Divine healing is one of the four cardinal doctrines of the Assemblies of God. The pages of the Pentecostal Evangel contain many testimonies of healing from various ailments. As people of faith, the Assemblies of God also believes in the miraculous. In 1927, missionary W.W. Simpson reported several miracles, including a dead person being brought back to life, in Taochow, Old City, China. These miracles confirmed the truth of the gospel that was being preached, causing many to place their faith in Christ.
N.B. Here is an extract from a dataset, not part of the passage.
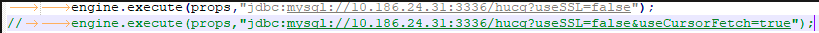 import java.sql.Connection;import java.sql.DriverManager;import java.sql.PreparedStatement;import java.sql.ResultSet;import java.sql.SQLException;import java.sql.Statement;import java.util.Properties;import java.util.concurrent.CountDownLatch;import java.util.concurrent.atomic.AtomicLong;public class SimpleExample {public static void main(String[] args) throws Exception {Class.forName("com.mysql.jdbc.Driver");Properties props = new Properties();props.setProperty("user", "root");props.setProperty("password", "root");SimpleExample engine = new SimpleExample();// engine.execute(props,"jdbc:mysql://10.186.24.31:3336/hucq?useSSL=false");engine.execute(props,"jdbc:mysql://10.186.24.31:3336/hucq?useSSL=false&useCursorFetch=true");}final AtomicLong tmAl = new AtomicLong();final String tableName="test";public void execute(Properties props,String url) {CountDownLatch cdl = new CountDownLatch(1);long start = System.currentTimeMillis();for (int i = 0; i < 1; i++) {TestThread insertThread = new TestThread(props,cdl, url);Thread t = new Thread(insertThread);t.start();System.out.println("Test start");}try {cdl.await();long end = System.currentTimeMillis();System.out.println("Test end,total cost:" + (end-start) + "ms");} catch (Exception e) {}}class TestThread implements Runnable {Properties props;private CountDownLatch countDownLatch;String url;public TestThread(Properties props,CountDownLatch cdl,String url) {this.props = props;this.countDownLatch = cdl;this.url = url;}public void run() {Connection connection = null;PreparedStatement ps = null;Statement st = null;long start = System.currentTimeMillis();try {connection = DriverManager.getConnection(url,props);connection.setAutoCommit(false);st = connection.createStatement();//st.setFetchSize(500);st.setFetchSize(Integer.MIN_VALUE); //仅修改此处即可ResultSet rstmp;st.executeQuery("select sum(k) from sbtest1 group by k");rstmp = st.getResultSet();while(rstmp.next()){}} catch (Exception e) {System.out.println(System.currentTimeMillis() - start);System.out.println(new java.util.Date().toString());e.printStackTrace();} finally {if (ps != null)try {ps.close();} catch (SQLException e1) {e1.printStackTrace();}if (connection != null)try {connection.close();} catch (SQLException e1) {e1.printStackTrace();}this.countDownLatch.countDown();}}}}

Simpson was an early missionary to Tibet and China. He was already on the mission field prior to the formation of the AG, serving with the Christian and Missionary Alliance. He was baptized in the Holy Spirit in Taochow, China, in 1912. He transferred his ordination to the AG in 1915 and served two years as principal of Bethel Bible Training School in New Jersey before returning to China in 1918 to continue his missionary work. His first wife, Otilia (Ekvall) Simpson, passed away with cancer in 1917 at Old Orchard Beach, Maine. He had three children, William, Louise, and Margaret who accompanied him on his return to China. In 1925 he married Martha Merrill in China, and they had seven more children.

While ministering in Minchow, Simpson gave an account of a mighty revival which was able to send out 27 additional gospel workers in China. He reported, “This revival came in a series of conventions beginning in Taochow, New City, and ending in Minchow.” He also reported meetings in Gospel Garden, Choni, and “a mighty miracle at Taochow, Old City.”

Simpson said the theme of these conventions was “Overcoming in Preparation for the Lord’s Coming.” One aspect of overcoming, included “fighting actual battles in conquering disease, death and the devil.”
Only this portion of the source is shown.